If you say "T is a subtype of U", that means that whenever someone wants a U, a T will do: every T works as a U. It follows from this phrasing that U is a subtype of U: certainly if someone wants a U, a U will do.
So if you imagine a type as denoting a set of values, you can write: T ⊆ U.
If every T works as a U, then a function that accepts any U is certainly also a function that accepts any T:
fn(U) works as a fn(T).
So fn(U) is a subtype of fn(T): fn(U) ⊆ fn(T).
This is interesting, because the subtypedness gets reversed: T ⊆ U implies fn(U) ⊆ fn(T).

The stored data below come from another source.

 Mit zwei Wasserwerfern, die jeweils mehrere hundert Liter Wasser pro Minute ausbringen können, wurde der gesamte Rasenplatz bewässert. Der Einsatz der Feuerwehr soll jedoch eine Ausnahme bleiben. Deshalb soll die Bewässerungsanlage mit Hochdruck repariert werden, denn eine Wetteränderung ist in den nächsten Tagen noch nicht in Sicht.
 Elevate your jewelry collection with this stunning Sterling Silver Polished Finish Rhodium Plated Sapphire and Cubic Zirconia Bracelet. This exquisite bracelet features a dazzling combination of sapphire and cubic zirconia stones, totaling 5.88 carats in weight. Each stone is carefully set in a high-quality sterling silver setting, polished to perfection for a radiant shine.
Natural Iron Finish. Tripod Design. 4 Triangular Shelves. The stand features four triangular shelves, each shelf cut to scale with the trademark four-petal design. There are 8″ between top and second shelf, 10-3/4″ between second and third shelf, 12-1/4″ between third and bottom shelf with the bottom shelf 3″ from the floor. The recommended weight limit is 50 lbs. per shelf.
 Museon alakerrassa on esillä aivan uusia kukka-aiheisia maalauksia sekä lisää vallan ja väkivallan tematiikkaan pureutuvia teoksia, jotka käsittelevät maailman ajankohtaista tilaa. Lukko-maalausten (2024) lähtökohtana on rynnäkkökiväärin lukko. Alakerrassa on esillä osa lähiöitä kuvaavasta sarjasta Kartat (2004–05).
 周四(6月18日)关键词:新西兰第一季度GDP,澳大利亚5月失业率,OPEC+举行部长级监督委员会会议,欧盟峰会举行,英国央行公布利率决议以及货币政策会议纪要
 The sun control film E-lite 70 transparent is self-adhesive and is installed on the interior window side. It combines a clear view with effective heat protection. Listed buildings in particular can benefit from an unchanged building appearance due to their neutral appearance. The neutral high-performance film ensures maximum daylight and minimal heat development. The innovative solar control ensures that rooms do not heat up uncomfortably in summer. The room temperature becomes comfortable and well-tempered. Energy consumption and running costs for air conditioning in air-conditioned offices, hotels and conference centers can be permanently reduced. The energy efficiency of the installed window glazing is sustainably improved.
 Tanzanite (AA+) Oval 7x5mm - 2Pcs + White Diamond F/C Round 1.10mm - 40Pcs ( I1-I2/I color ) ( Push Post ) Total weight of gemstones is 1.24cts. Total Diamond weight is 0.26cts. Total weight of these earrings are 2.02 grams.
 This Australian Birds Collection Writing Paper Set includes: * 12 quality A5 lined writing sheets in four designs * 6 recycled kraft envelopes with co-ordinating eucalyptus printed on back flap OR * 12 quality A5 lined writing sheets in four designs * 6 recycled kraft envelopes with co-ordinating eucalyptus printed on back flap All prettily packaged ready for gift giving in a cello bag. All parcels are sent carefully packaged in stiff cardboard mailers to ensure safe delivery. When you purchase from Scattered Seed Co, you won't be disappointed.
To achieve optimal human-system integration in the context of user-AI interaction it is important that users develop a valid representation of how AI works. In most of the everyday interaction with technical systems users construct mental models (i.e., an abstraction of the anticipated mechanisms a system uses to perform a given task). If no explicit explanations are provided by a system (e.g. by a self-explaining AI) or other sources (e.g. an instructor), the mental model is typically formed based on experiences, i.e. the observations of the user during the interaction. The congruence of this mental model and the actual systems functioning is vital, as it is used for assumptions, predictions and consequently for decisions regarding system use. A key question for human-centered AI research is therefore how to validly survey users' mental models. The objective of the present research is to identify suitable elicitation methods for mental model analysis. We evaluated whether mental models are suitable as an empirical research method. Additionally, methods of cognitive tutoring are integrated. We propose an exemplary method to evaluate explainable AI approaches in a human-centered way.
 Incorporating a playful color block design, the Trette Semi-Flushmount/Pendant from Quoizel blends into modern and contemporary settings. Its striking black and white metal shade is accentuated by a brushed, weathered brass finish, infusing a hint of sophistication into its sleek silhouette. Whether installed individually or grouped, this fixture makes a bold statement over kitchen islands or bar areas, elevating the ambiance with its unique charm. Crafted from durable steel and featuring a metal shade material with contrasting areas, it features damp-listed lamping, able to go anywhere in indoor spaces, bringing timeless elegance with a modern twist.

But reread the last paragraph. When you think about it, it does make sense.
We call this behavior of fn with respect to its argument type "contravariance",
and say "fn(T) is contravariant in T".
Then, consider return values:
If every T works as a U, then a function that returns a T is certainly also a function that always returns a U.
So fn()->T is a subtype of fn()->U: fn()->T ⊆ fn()->U.
In this case, the subtypedness doesn't get reversed: T ⊆ U implies fn()->T ⊆ fn()->U.
We call this behavior of fn with respect to its return type "covariance",
and say that "fn()->T is covariant in T".
Thank you. I had to think about the middle part carefully for a while, but the way you wrote it makes it hard to go off the rails for long.